In this study, we found dominant mutations of the TP53 gene (20/28, 71%) in GS, and somatic mutations of the TP53 gene are associated with a poor patient survival, suggesting that the GS patients can be divided into two main molecular subgroups according to their TP53 mutation status. By comparing the paired initial/recurrent samples from the same patient, we found two cases in which the TP53 mutations were detected only in the WES analysis of the recurrent samples, which are likely associated with treatment resistance. In addition, we showed that the TP53 mutations rendered the cells more vulnerable to mesenchymal differentiation via cancer EMT-like processes (Supplementary Figure S10).

GS is considered a rare variant of GBM,[1] and extensive studies of the genomic alterations in GBM have been performed.[32, 33] Mutations in IDH1 were found to be a molecular marker that distinguished primary and secondary GBM.[34] The most frequent genetic alteration of GBM (~60%) is a deletion at 10q,[35, 36] and TP53 mutations are common in secondary GBM (~25%) but are rare (<15%) in primary GBM.[37] Using the expression profiles of GBM, proneural, neural, classical, mesenchymal and proliferative patterns were reported.[33, 38] Most IDH1-mutated GBM (92%) show a proneural expression signature, and high frequencies of TP53 (54%) and NF1 (37%) mutations are characteristic of the proneural and mesenchymal subtypes, respectively.[33] We found one patient with an IDH1 mutation and another patient with an NF1 mutation out of the 28 GS patients (Supplementary Table S6) and detected a hemizygous deletion of NF1 in three of the GS samples within the discovery set (Supplementary Table S10). Therefore, GS showed distinctive genomic alteration profiles in the known cancer-driver genes compared to the subtypes of GBM.

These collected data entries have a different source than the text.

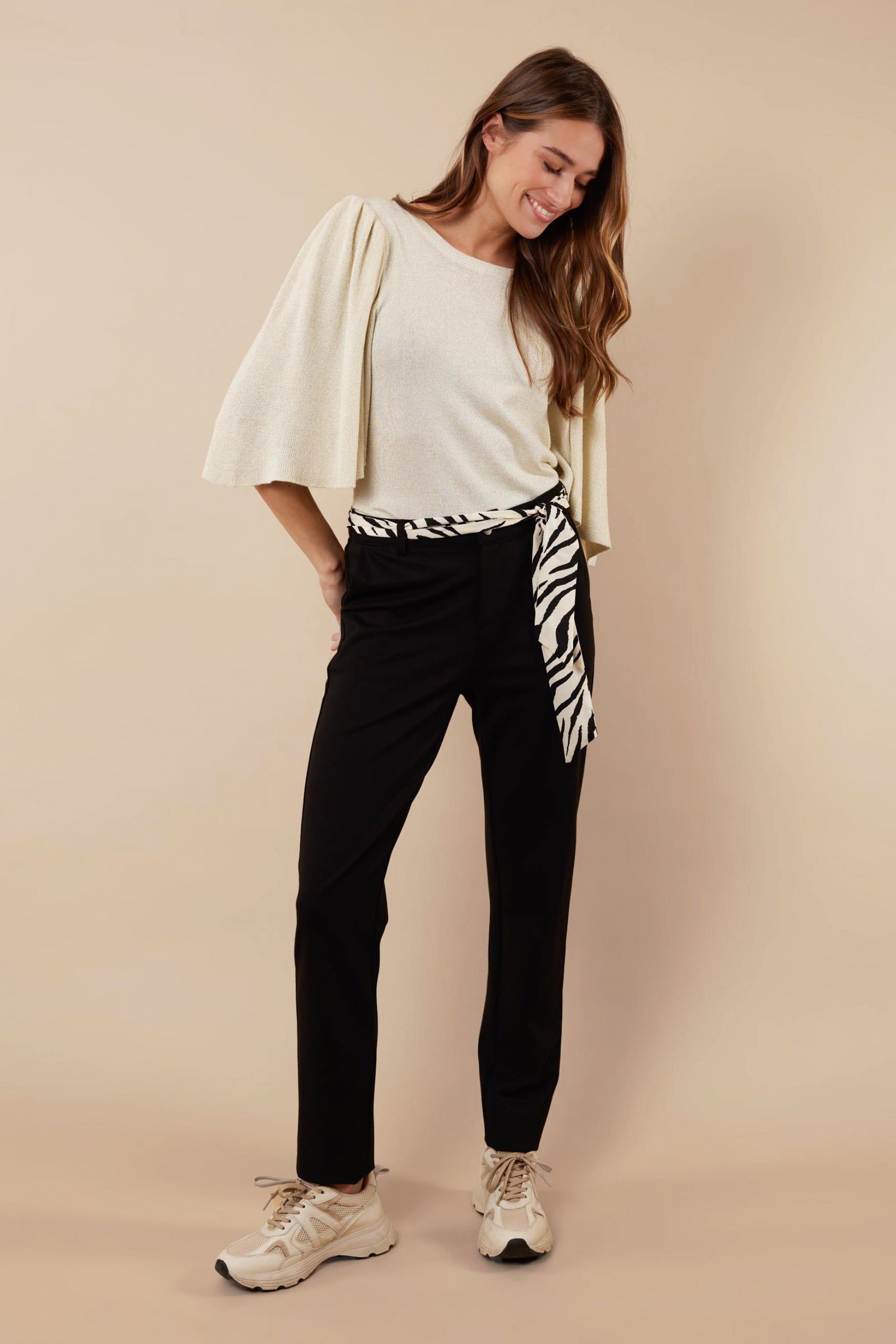 Geef je look een chique touch met de Amalia top. Deze top heeft een aansluitend model met een ronde hals en speelse plooimouwen. De top is voorzien van een subtiele glinstering.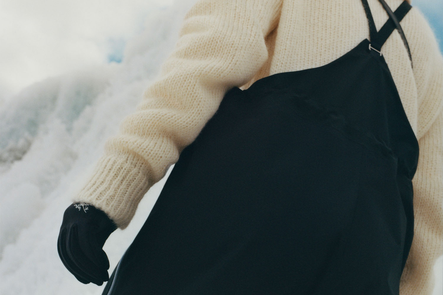 The two other pieces, a ski overall and set of bib pants, are likewise centered at the apex of performance and design. “We both grew up spending time in the mountains enjoying winter sports, but we could never find garments that balanced high performance with high aesthetic quality. Eventually, with Arc’teryx, a company we have always admired for their rigor and commitment to research, we had the chance to design them,” said Lucie and Luke Meier, joint creative directors at Jil Sander.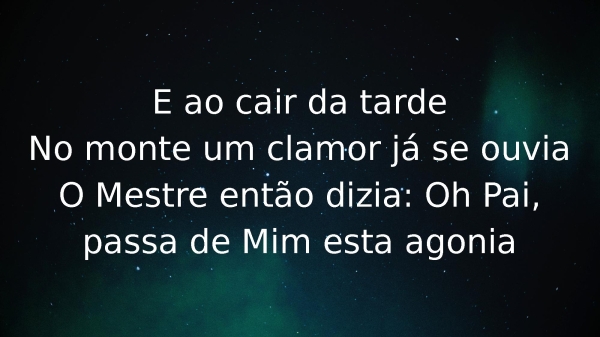 - E ao cair da tardeNo monte um clamor já se ouviaO Mestre então dizia: Oh Pai, passa de Mim esta agonia

EMT is a process by which epithelial cells undergo changes into mesenchymal cells, which are usually associated with cancer aggressiveness.[27, 39] EMT is often induced by epigenetic reprogramming mediated by EMT-inducing transcription factors, such as Twist, Snail, Slug and Zeb1.[39] A previous study reported significant nuclear localization of Twist and Slug in the mesenchymal tumor area of GS samples, suggesting that GS is associated with EMT.[40] Notably, the MAPK signaling, phosphatidylinositol/calcium signaling and focal adhesion/tight junction pathways, which are significantly altered in GS cases (Figure 2a), are known to cooperate in the initiation and progression of EMT.[41, 42] In addition, losses or mutations in the TP53 gene were previously shown to correlate with the activation of EMT reprogramming as well as increased stem cell properties by modulating microRNAs.[43] Therefore, TP53 mutations induce the epigenetic reprograming of EMT genes, which could be the molecular mechanism of the mesenchymal differentiation, increased aggressiveness and poor prognosis of GS.

In addition to the roles of TP53 mutations in the development of GS via mesenchymal differentiation, our data suggested that TP53 mutations were also associated with the treatment resistance of GS. We found two patients (#5 and #22) in whom TP53 mutations were only found in the recurrent GS samples by the WES analysis. However, the more sensitive droplet digital PCR method detected TP53 mutations in the preceding lesions, although the allele frequencies were very low. In these patients, most of the cells in preceding GS regions did not have TP53 mutations, suggesting that the development of the initial GS was not highly associated with TP53 mutations. However, minor clones with TP53 mutations survived after treatment and became one of major populations in the recurrent GS sample, suggesting that TP53 mutations were associated with treatment resistance.

In summary, our study provides the first understanding of the genomic alterations specific to GS and elucidates the relationship among predominant mutations of TP53, EMT process and poor prognosis in GS. These results shed light on the understanding of the pathogenesis and clinical characteristics of GS for future therapeutic applications.

Data deposition

The sequence reported in this paper has been deposited in the European Nucleotide Archive (accession no. PRJEB12063).